Here's a summary of the preferred, complex case. This is when you can't... You don't have the scopes, for instance. If you can use priority resolution, great. Otherwise you might want to do a mix of reserved scopes or packages upstream. Use denylist and allowlist for the remotes in your repository manager, as well as setting allowlist for scopes per source, in your project. You would probably want to only go through the internal repository manager, to make sure you get some audit capabilities. Here we have some of the package systems we looked at. As you can see, some of the support scopes, others not. Of course it's easier when they do support scopes. PIP is one of those that doesn't support scopes,
which makes it tedious to go and register all the package names upstream.
One thing to note here is that most of them that do support scopes, anyone is free to register any scope. So then you have to be first, before the attacker to register it. For Maven Central, which is the main one for Maven and Gradle, you actually... They use DNS, so that you have to prove that you own, for instance, schibsted.com, for the group ID "com.schibsted". This is useful so that not anyone can get at your scope. If you already use good scopes, then you're, sort of, secure, to a larger extent in the Maven world. Basically this... It took a lot of time to go through this, and we did register several hundred packages upstream, in addition to scopes.
For the different package systems. Our approach, then to go through and clean up, if you're starting out. You can go through all packages and check if they do exist upstream, if not, you can reserve the package name and/or scopes.
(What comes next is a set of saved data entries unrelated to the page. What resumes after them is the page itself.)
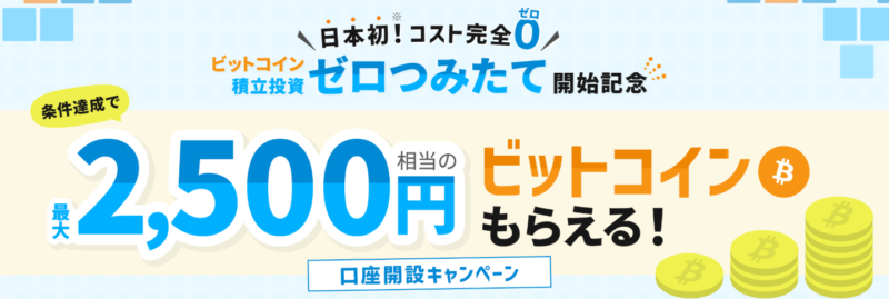 現在、口座開設で2,500円相当の仮想通貨をプレゼントするキャンペーン中です!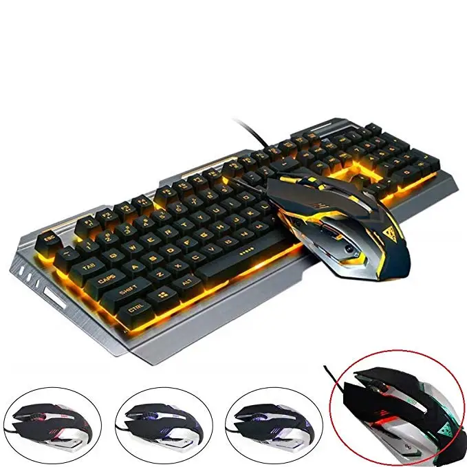 Клавиатура V1, мышь, комбинированная геймерская Проводная, светодиодный, с подсветкой, мультимедиа, эргономичная, металлическая, Pro, игровая клавиатура + 6 кнопок, мышь для ПК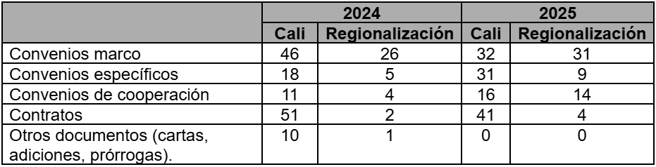 Gestión y formalización de proyectos y/o servicios: En la vigencia se trabajó en la consolidación de la Ruta para la Gestión Integral de Proyectos y Servicios de Extensión y Proyección Social, mediante la cual se formalizaron un total de 352 convenios/contratos con participación tanto de Cali como de las sedes regionales como se puede observar en la siguiente tabla: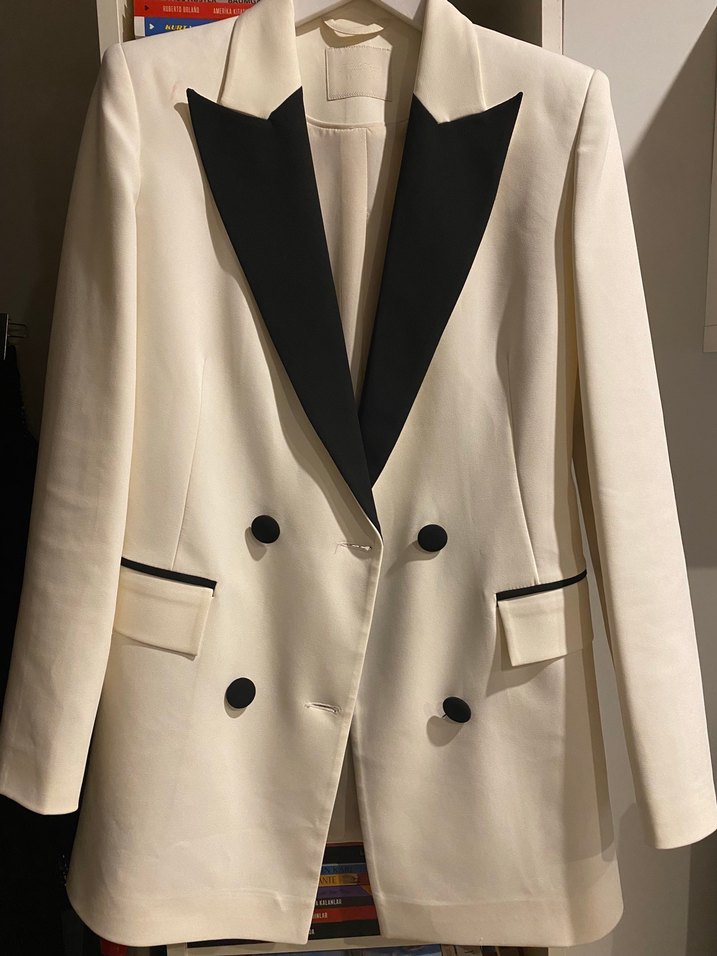 Notched yaka, düğmeli, siyah detaylı beyaz kadın blazer. Ofis için modern klasik tarzda, normal boy ve regular fit, ipeksi dokulu. Ya da Gece elbiselerinin üzerine atın ve en şık siz olun.

And you can add a denylist. If they do exist upstream, you should check if you are the owner or could get ownership. For instance, we had some packages that were owned by ex-employees that we could get ownership back of. You can also check that, is there already a malicous package there? And check if you're compromised. There are also some small projects where, their, sort of, no longer maintained, and you don't think you're gonna need it.
Then it might still be useful to denylist it internally if you're unable to rename the package internally. To avoid that conflict. And, of course, moving and renaming stuff might be required to get a clean setup.
In addition to going through all the internal packages we can also go through the remotes and make sure that we don't have any remotes we shouldn't have and also restrict some of them based on scope prefix to make sure that they can only publish packages that are relevant for that remote.
Then, unfortunately, based on your setup you might have to continously look for new internal packages or scopes and make sure that you go through the same process to secure those. This is, depending on the solution, an ongoing thing you have to make sure that you're covered. Then, of course, if you can use priority resolution it might be useful too. Hopefully there'll be more useful tools from the vendors in the future. So, some resources. We do have a blog post with more details on this. We also have an open-source tool called Artishock. That is useful to do some of the steps I just went through in the setting of Artifactory. There's also a tool from Visma called Confused,
which is more centered on, like you have one project and you can detect if that project has packages that are not claimed upstream. With that, I would like to say that we are hiring a Cloud Security Engineer and I'm happy to take questions!